What is expected: Copy, word for word, the lines of the entries below between the one with "统一送粮国民运动本部的对朝粮" and the one with "餐廳中有一整面牆,設計成巴黎", inclusive, and leave out everything else.

(Extracted data)

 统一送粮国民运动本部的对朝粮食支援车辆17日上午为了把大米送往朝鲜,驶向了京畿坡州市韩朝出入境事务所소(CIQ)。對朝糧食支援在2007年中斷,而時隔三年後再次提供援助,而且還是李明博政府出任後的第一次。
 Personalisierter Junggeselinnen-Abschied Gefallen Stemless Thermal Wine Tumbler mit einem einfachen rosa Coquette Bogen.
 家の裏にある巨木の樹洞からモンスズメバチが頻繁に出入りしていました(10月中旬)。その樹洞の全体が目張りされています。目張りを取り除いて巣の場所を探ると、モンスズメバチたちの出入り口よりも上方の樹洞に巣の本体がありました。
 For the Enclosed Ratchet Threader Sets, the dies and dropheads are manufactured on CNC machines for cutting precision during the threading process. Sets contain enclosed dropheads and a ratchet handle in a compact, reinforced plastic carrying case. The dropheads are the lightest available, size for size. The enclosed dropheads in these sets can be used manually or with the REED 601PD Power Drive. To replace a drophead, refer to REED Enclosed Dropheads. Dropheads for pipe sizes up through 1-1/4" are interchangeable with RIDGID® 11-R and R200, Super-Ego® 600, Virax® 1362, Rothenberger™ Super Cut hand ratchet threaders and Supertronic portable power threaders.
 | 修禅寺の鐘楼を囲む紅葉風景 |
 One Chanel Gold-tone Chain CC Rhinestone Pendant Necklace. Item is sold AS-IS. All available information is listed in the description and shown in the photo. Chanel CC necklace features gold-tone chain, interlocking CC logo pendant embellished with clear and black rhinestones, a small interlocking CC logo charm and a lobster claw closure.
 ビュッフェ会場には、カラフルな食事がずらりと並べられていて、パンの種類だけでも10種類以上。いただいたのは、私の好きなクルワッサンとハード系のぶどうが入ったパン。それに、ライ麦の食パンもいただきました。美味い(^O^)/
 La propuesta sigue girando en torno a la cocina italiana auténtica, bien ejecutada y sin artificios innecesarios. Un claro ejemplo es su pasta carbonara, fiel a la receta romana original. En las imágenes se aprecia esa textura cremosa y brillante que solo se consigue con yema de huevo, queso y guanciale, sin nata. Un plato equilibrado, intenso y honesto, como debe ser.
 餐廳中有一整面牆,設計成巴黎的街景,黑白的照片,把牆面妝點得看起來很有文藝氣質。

(End Extracted data)
(Extracted data)

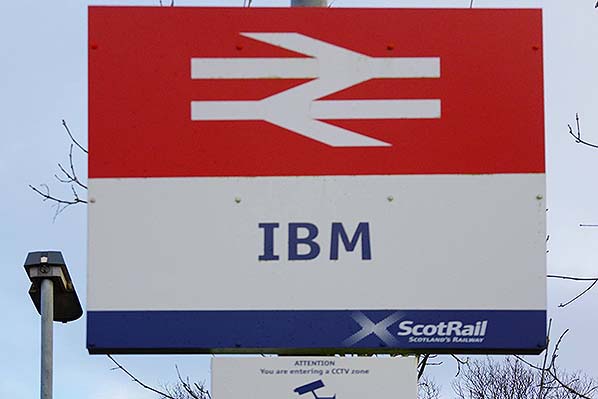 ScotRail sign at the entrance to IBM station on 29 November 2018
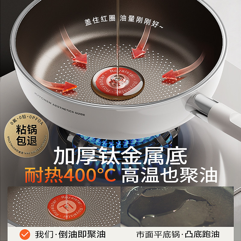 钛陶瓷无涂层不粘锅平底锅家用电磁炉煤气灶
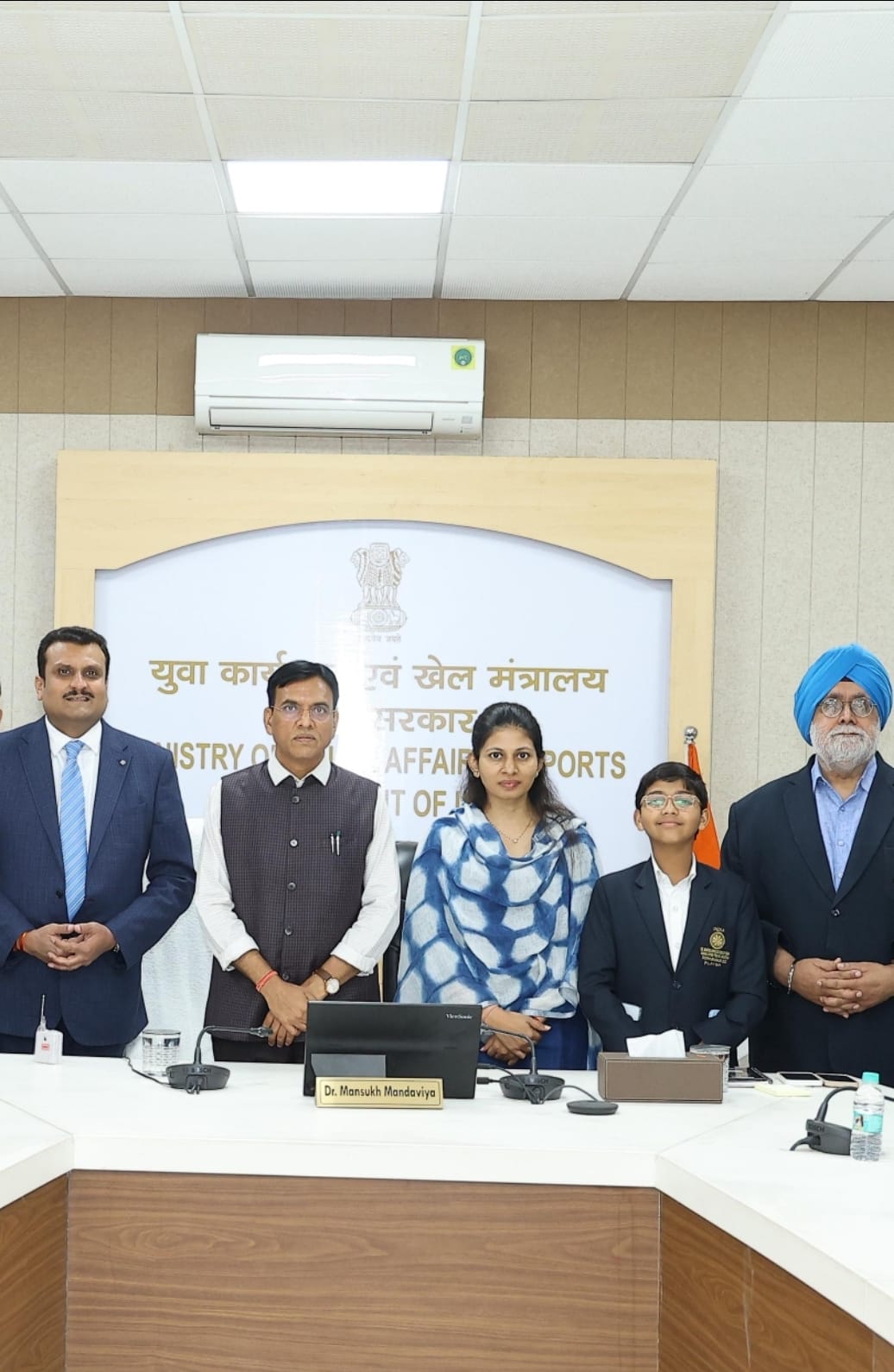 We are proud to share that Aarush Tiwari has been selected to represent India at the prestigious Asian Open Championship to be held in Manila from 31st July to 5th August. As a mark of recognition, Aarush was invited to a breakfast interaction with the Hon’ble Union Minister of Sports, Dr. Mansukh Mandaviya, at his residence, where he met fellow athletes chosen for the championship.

(End Extracted data)

Answer section:
 统一送粮国民运动本部的对朝粮食支援车辆17日上午为了把大米送往朝鲜,驶向了京畿坡州市韩朝出入境事务所소(CIQ)。對朝糧食支援在2007年中斷,而時隔三年後再次提供援助,而且還是李明博政府出任後的第一次。
 Personalisierter Junggeselinnen-Abschied Gefallen Stemless Thermal Wine Tumbler mit einem einfachen rosa Coquette Bogen.
 家の裏にある巨木の樹洞からモンスズメバチが頻繁に出入りしていました(10月中旬)。その樹洞の全体が目張りされています。目張りを取り除いて巣の場所を探ると、モンスズメバチたちの出入り口よりも上方の樹洞に巣の本体がありました。
 For the Enclosed Ratchet Threader Sets, the dies and dropheads are manufactured on CNC machines for cutting precision during the threading process. Sets contain enclosed dropheads and a ratchet handle in a compact, reinforced plastic carrying case. The dropheads are the lightest available, size for size. The enclosed dropheads in these sets can be used manually or with the REED 601PD Power Drive. To replace a drophead, refer to REED Enclosed Dropheads. Dropheads for pipe sizes up through 1-1/4" are interchangeable with RIDGID® 11-R and R200, Super-Ego® 600, Virax® 1362, Rothenberger™ Super Cut hand ratchet threaders and Supertronic portable power threaders.
 | 修禅寺の鐘楼を囲む紅葉風景 |
 One Chanel Gold-tone Chain CC Rhinestone Pendant Necklace. Item is sold AS-IS. All available information is listed in the description and shown in the photo. Chanel CC necklace features gold-tone chain, interlocking CC logo pendant embellished with clear and black rhinestones, a small interlocking CC logo charm and a lobster claw closure.
 ビュッフェ会場には、カラフルな食事がずらりと並べられていて、パンの種類だけでも10種類以上。いただいたのは、私の好きなクルワッサンとハード系のぶどうが入ったパン。それに、ライ麦の食パンもいただきました。美味い(^O^)/
 La propuesta sigue girando en torno a la cocina italiana auténtica, bien ejecutada y sin artificios innecesarios. Un claro ejemplo es su pasta carbonara, fiel a la receta romana original. En las imágenes se aprecia esa textura cremosa y brillante que solo se consigue con yema de huevo, queso y guanciale, sin nata. Un plato equilibrado, intenso y honesto, como debe ser.
 餐廳中有一整面牆,設計成巴黎的街景,黑白的照片,把牆面妝點得看起來很有文藝氣質。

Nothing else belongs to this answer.